GR : Des informations convergentes confirment une hausse des cotisations des complémentaires santé, en particulier pour les patients les plus fragiles qui ont des contrats seniors ou des contrats d’entrée de gamme. Pourtant, les modalités du 100 % Santé ont été négociées et arrêtées par tous les acteurs du dispositif, y compris les complémentaires santé. Ces dernières n’ont pas manqué de faire des études d’impact sur leurs coûts avant de s’engager. Nous sommes véritablement préoccupés par les dérives de certaines complémentaires et nous veillons à ce que les hausses de cotisations n’explosent pas car elles compromettraient l’esprit de la réforme. Nous sommes attentifs au développement positif de celle-ci car pour nous, elle est essentielle. Nous engagerons assurément une évaluation sur tous ces points de vigilance.

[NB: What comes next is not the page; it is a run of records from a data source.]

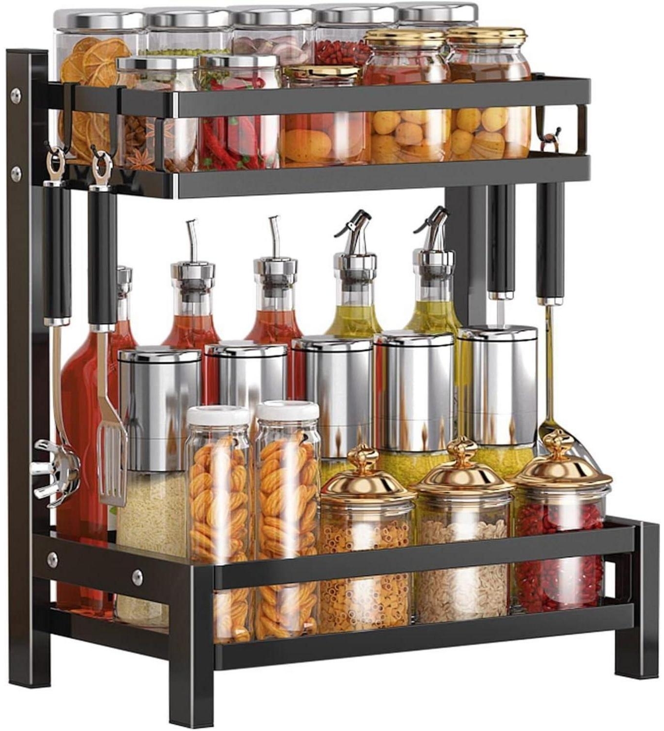 | Name | NETEL Gewürzregal 2 Etagen Stehend Küche Schwarz Utensilienhalter & Haken |
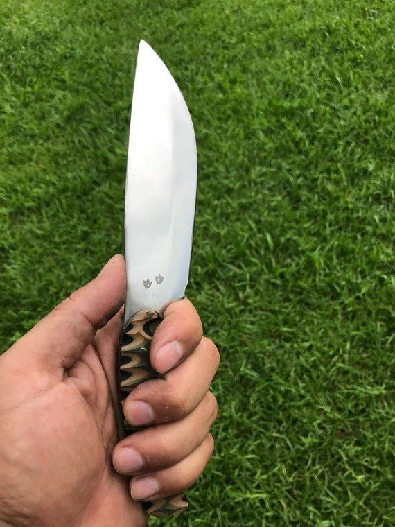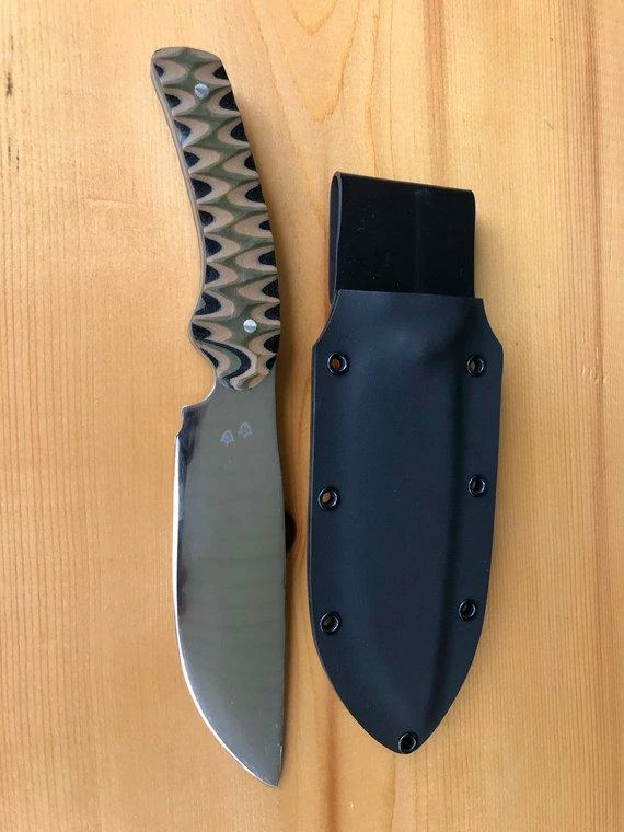 This knife is made from 0.125 thick D2 tool steel. The overall length of the knife is 9 inches; the handle is 4 inches long, the blade is 5 inches long by 1 5/8 wise. It was designed by me, and cut from D2 bar stock. It was heat hardened and tempered in a forge using a pyrometer to monitor temperature. The D2 steel is an air hardening steel, so air quenching was used in the hardening process. The blade is taken to a high shine for aesthetics. The handle is made of G10, and the kydex sheath was made by me as well.
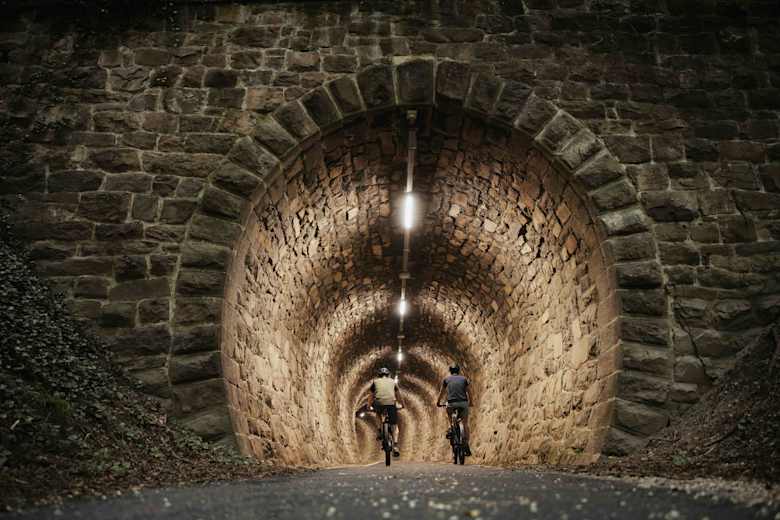 Mit dem Bike durch einen Tunnel Foto: IDM Südtirol, Alex Moling
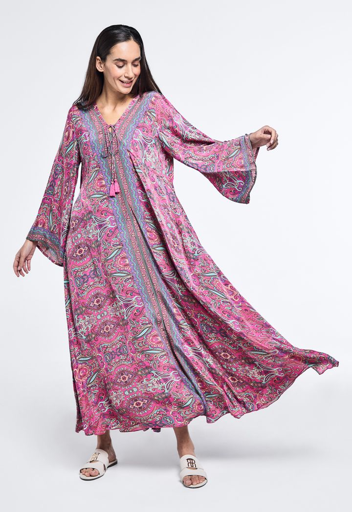 V-Neck Printed Flared Dress |
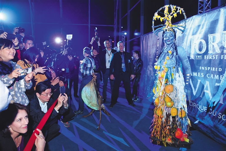 肯表示,在这台阿凡达秀的舞台、服装、道具中,每一个环节都经过精心设计,力求精致、真实,“大到舞台上的灵魂之树,小到演员头饰上的羽毛饰品,都经过精心设计,以符合潘多拉星球的世界。”

AD : Fin 2019, France Assos Santé publiait une enquête BVA1 montrant qu’un Français sur deux (49 %) a déjà dû reporter ou renoncer à des soins, faute de médecin disponible. Pensez-vous que l’offre de soins en ORL est un frein à la réussite du 100 % Santé ? (Lire notre dossier Malentendant cherche prescripteur)

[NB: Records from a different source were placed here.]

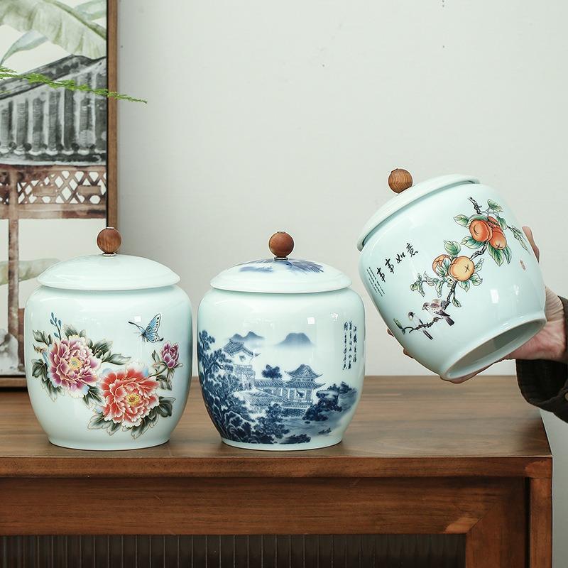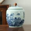 Chinese style retro ceramic blue and white tea jar, home decoration flower tea sealed storage without cross flavor
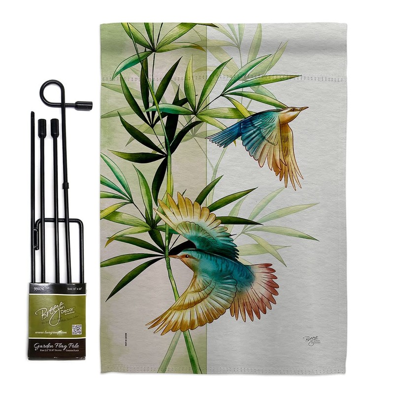 Breeze Decor Asian Blossom Birds Garden Flag Set with Stand Animals Bird Flamingo Hummingbird Cardinal Peacock Springtime Natural Wildlife Small Gift Yard House Banner Made in USA 13 X 18.5
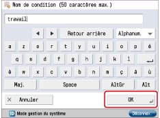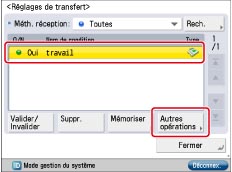 Sélectionner la condition de transfert mémorisée → appuyer sur [Valider/Invalider].
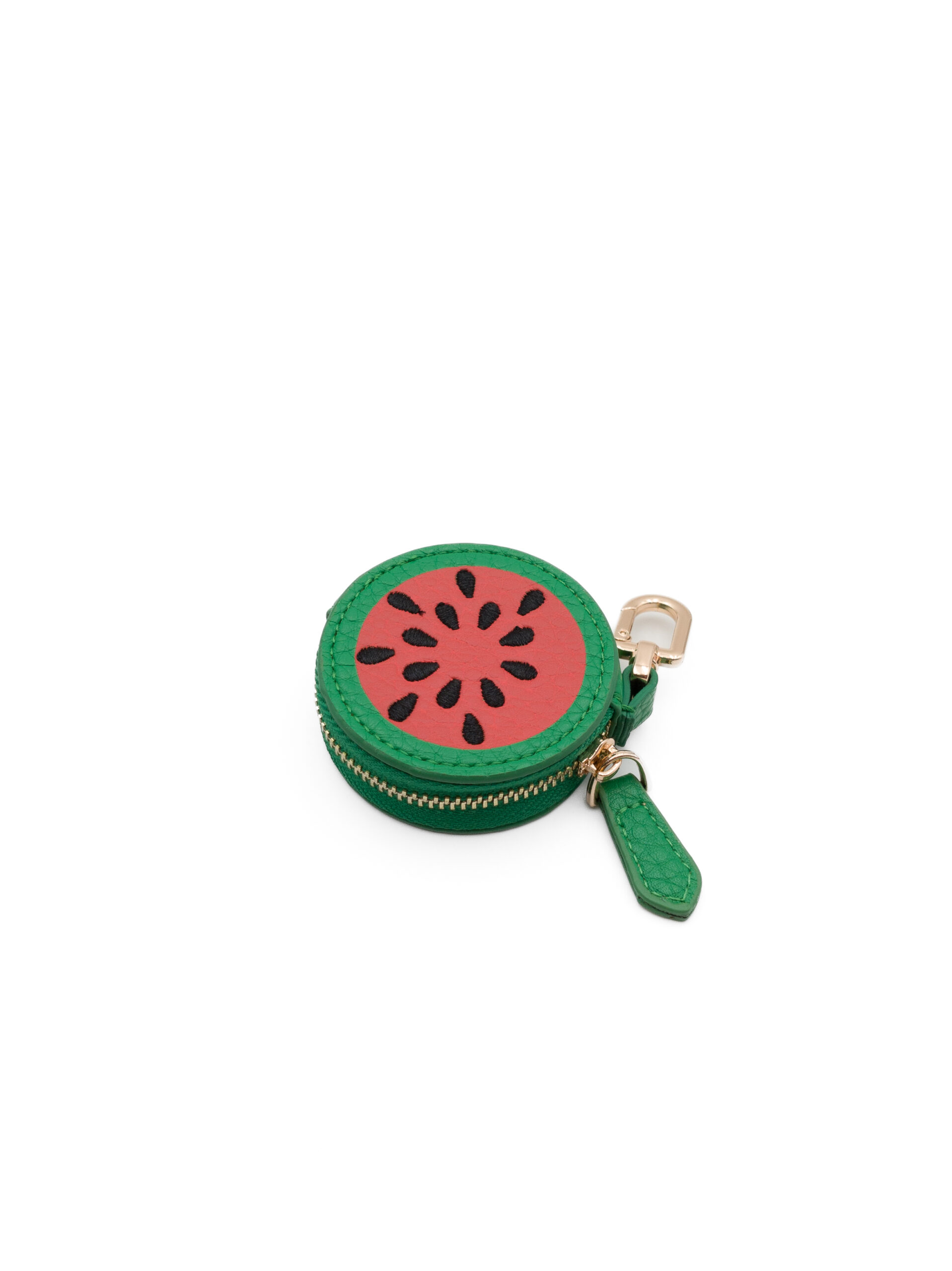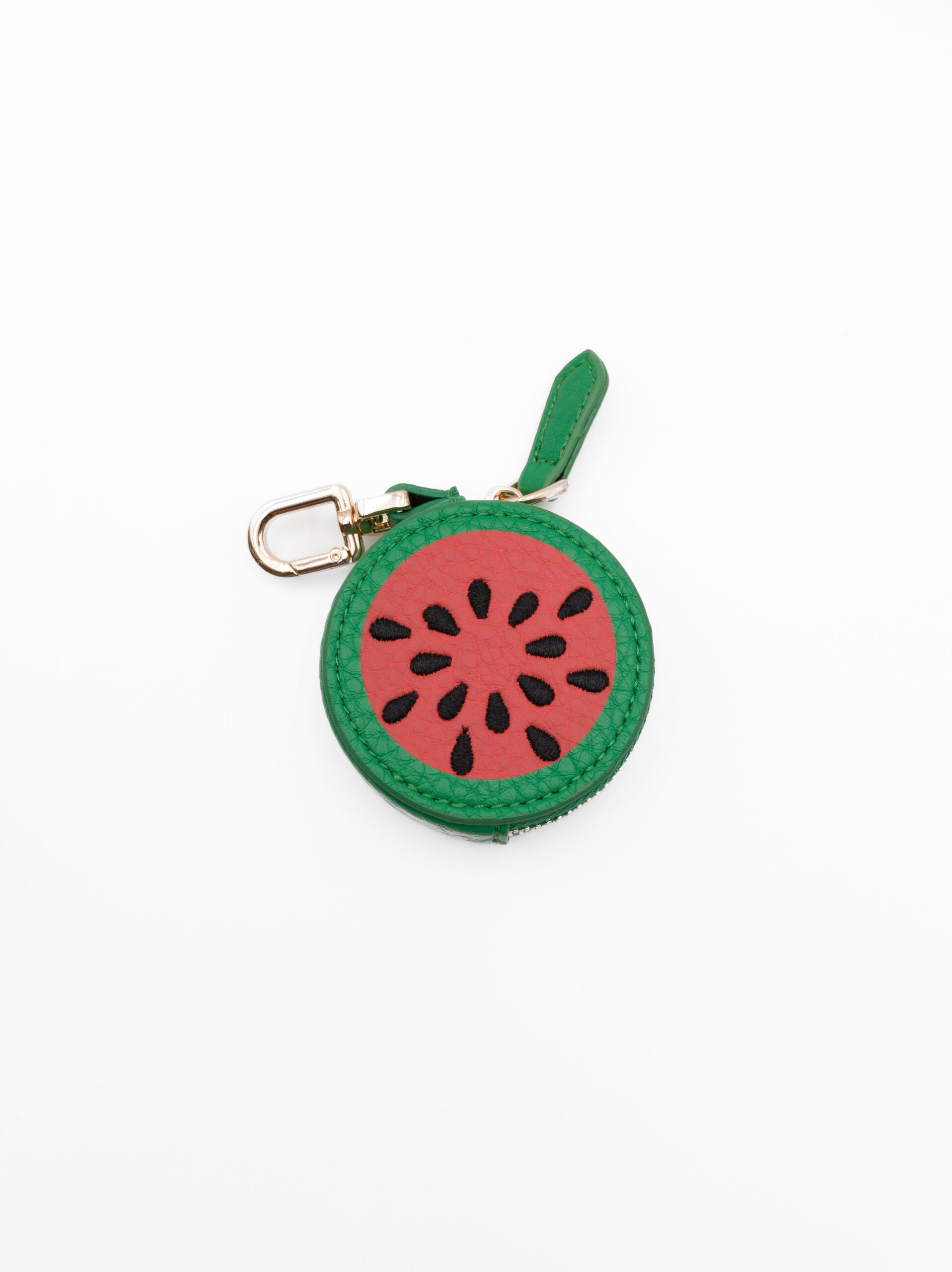Non solo un accessorio decorativo, ma anche un piccolo contenitore funzionale: grazie alla zip, Fruttino può custodire chiavi, monete, AirPods o piccoli oggetti da tenere sempre a portata di mano. Il gancetto con hardware gold permette di attaccarlo facilmente alla borsa, allo zaino o di usarlo come portachiavi.

GR : L’enquête a montré que 35 % des personnes ayant pris un rendez-vous chez un ORL l'ont obtenu avec un délai d'un mois au moins et 15 % dans un délai de 3 mois et plus. Ces chiffres ne font que confirmer l’état critique de notre système de santé. L’accessibilité à des soins de qualité est de plus en plus difficile. Je crois qu’aujourd’hui la situation est suffisamment grave pour qu’on soit responsable et raisonnable. Je pense qu’on a tout intérêt à laisser les revendications corporatistes de côté pour se mettre autour de la table et tenter de sauver le système. La pénurie de spécialistes impose une réorganisation de l’offre de soins pour l’adapter aux besoins de la population. Je doute que les généralistes puissent pallier ce manque. Il faut ainsi que soient revues les missions des uns et des autres, leur formation, que soient mis en place des outils modernes comme la télémédecine, que se constituent des équipes pluridisciplinaires avec des points relais. Tout cela doit se construire avec tous les acteurs et les patients. Le problème d’organisation actuel constitue un frein certain à la réussite du 100 % Santé. Le système est périmé et doit être transformé.